Чехов и Лика Мизинова - Элла Матонина
– Знаешь, Лидюша, ты почти угадала, – с грустью признался Санин. – Из разговора с этим в общем-то доброжелательным ко мне человеком стало понятно, что Москва для нас пропала, что путь туда для нас заказан навсегда.
– Я уже говорила тебе: твоя беда и твое счастье в том, что ты – неисправимый фантазер и прожектёр.
– А ты, Лидюша, наоборот, слишком легко поддаешься обстоятельствам, так что наш союз – благотворен. Я устроен так, что делаю все от меня зависящее, чтобы воплотить свою фантазию о будущем в жизнь. Еще мама когда-то говорила: убежишь – не убежишь, а побежать надо. Вот если ты все сделал, чтобы убежать, а убежать не удалось, – тогда обстоятельства. Я тяжело примиряюсь с обстоятельствами. Мне часто видится, что я иду по Москве… И хорошо. Без этой навязчивой фантазии, уверен, никогда России не увижу.
* * *
На четвертые сутки пути на «Иль-де-Франс» сложилась небольшая русская компания, к которой присоединился и француз Виктор. Он с грехом пополам говорил по-русски и был влюблен в русскую оперу, ходил на представления Санина и много слышал о нем. В довершение всего похвастался: у него неплохой бас, а в репертуаре – «Эй, ухнем!», песня, которую он спел для Санина и Лидии Стахиевны по-русски, подражая Шаляпину. Как оказалось, Виктор отвечал за традиционный самодеятельный концерт, представляемый обыкновенно вечером накануне прибытия в Нью-Йорк. Его предложение было неожиданным:
– Мсье Санин, от имени капитана прошу вас быть режиссером и ведущим концерта, который мы обыкновенно устраиваем накануне прибытия в Нью-Йорк. Я дам вам список артистов из команды, мы вместе привлечем таланты из пассажиров…
Санин вопросительно посмотрел на жену, а потом с деланным равнодушием отказался:
– Благодарю вас за оказанную честь. Впрочем, вот разве Лидия Стахиевна согласится принять участие в концерте в качестве аккомпаниатора и исполнительницы.
На репетиции отводился всего один день. Но Санина это лишь подстегнуло.
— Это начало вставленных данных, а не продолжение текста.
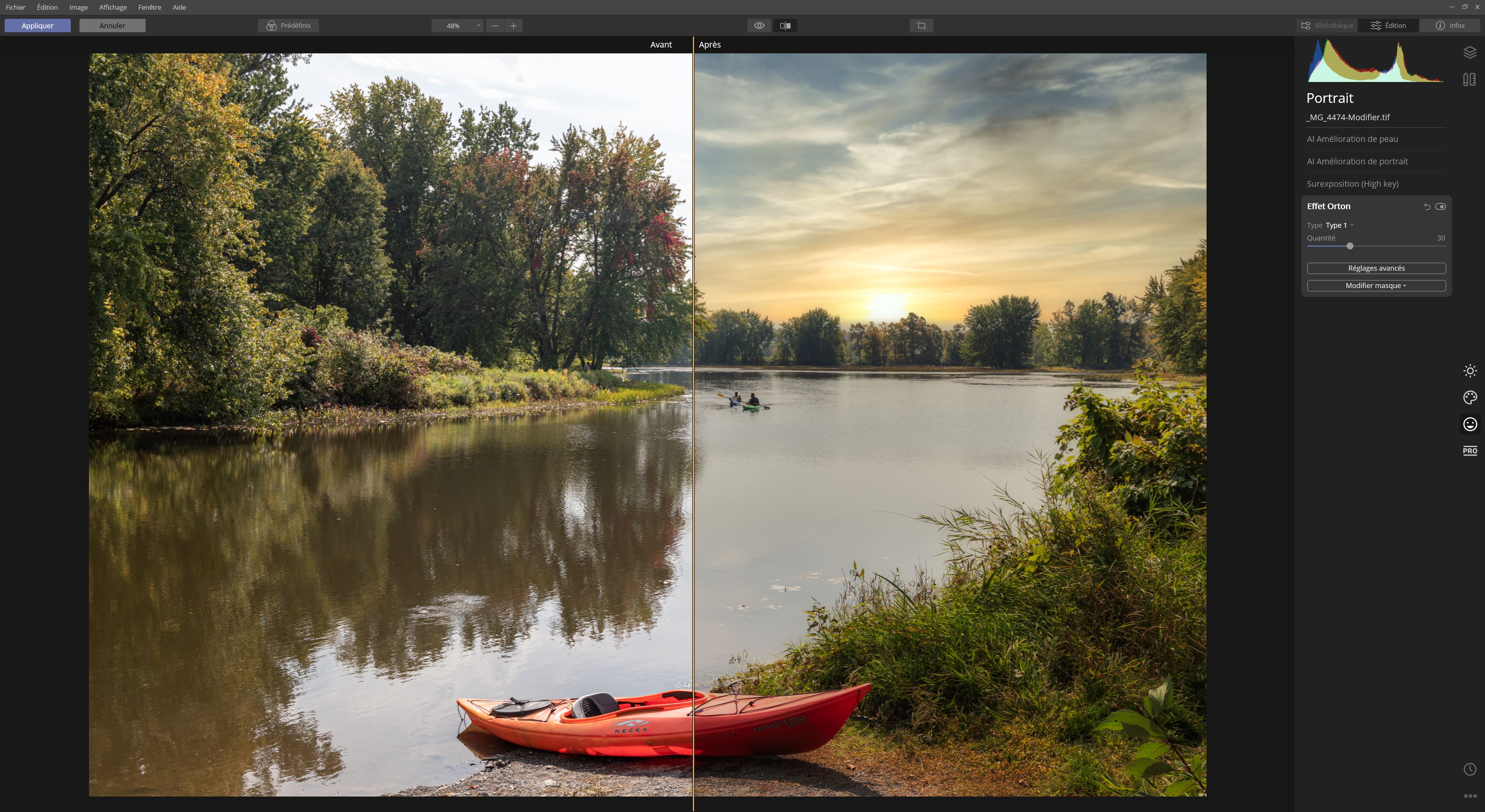 Belle démonstration de ce que peut faire Luminar 4 en photo de paysage, merci Louis. Par contre, selon moi, l’ombre du kayak ne va pas avec la direction du soleil…

Виктор пригласил артистов на сцену театра. Санин сумел их просмотреть и прослушать. «Профессионалов» из команды из-за нехватки времени счел возможным останавливать. Артисты из пассажиров – а таких набралось почти на полконцерта – стеснялись, но Санин заводил их с полуоборота:
– Вы решительны и талантливы, а это уже успех! – говорил он мужчинам. – Итак, пробуем! Лидюша, аккомпанемент! Замечательно, но свободнее, увереннее! Смотрите, как сделаю я!
– Вы красивы и обаятельны, одно ваше появление на сцене уже вызовет аплодисменты, смелее! – уверял он актрис.
И действительно, появление каждого артиста встречалось громкими аплодисментами: Санин рассадил по определенному плану свободную от работы часть команды и дал каждому строгое указание на этот счет. Но клакеры понадобились лишь на раскрутке, а потом концерт пошел как по маслу.
Очень отличились русские. Лидия Стахиевна не только аккомпанировала, но и с успехом спела романс «Я ехала домой».
Выступила и Алла Назимова, исполнив несколько русских романсов на слова великого князя Константина Романова – поэта К.Р. Один из советских инженеров, оказавшийся родом с Украины, сплясал гопака, и, когда вприсядку прошелся по сцене, зал бисировал.
На концерте случился и небольшой инцидент. Готовясь к выходу на сцену, эквилибрист с огнем нечаянно уронил факел. Вспыхнул небольшой пожар. Кто-то бросился тушить, другие застыли словно в оцепенении. Нельзя было допустить паники в зале. Как раз заканчивался последний номер первого отделения, когда со сцены пахнуло дымком. Санин вышел к зрителям и, широко улыбаясь, объявил:
– Пока наш жонглер с факелами готовит реквизит, я, так и быть, сам тряхну стариной и прочту небольшой монолог Фокерата-отца из «Одиноких» Герхарта Гауптмана. Последний раз я играл эту роль в Ялте в девятьсот первом году.
Память не подвела Александра Акимовича. Закончил он под аплодисменты зала, поклонился, зашел за кулисы и увидел, что огонь легко потушен. Он вышел и объявил антракт:
– А после антракта, как я и обещал, – эквилибрист с факелом Жак Маджи!
Но наибольшим успехом пользовался все же Виктор. Когда он пел «Эй, ухнем, еще разик, еще раз!», Санин заставил весь зал подпевать ему. Вызывали их с Лидией Стахиевной три раза.
– Надо же, никогда не думала, что меня это так увлечет и взволнует, – молодая и совсем здоровая Лида смотрела на него. – Спасибо, что подбил меня на это мероприятие.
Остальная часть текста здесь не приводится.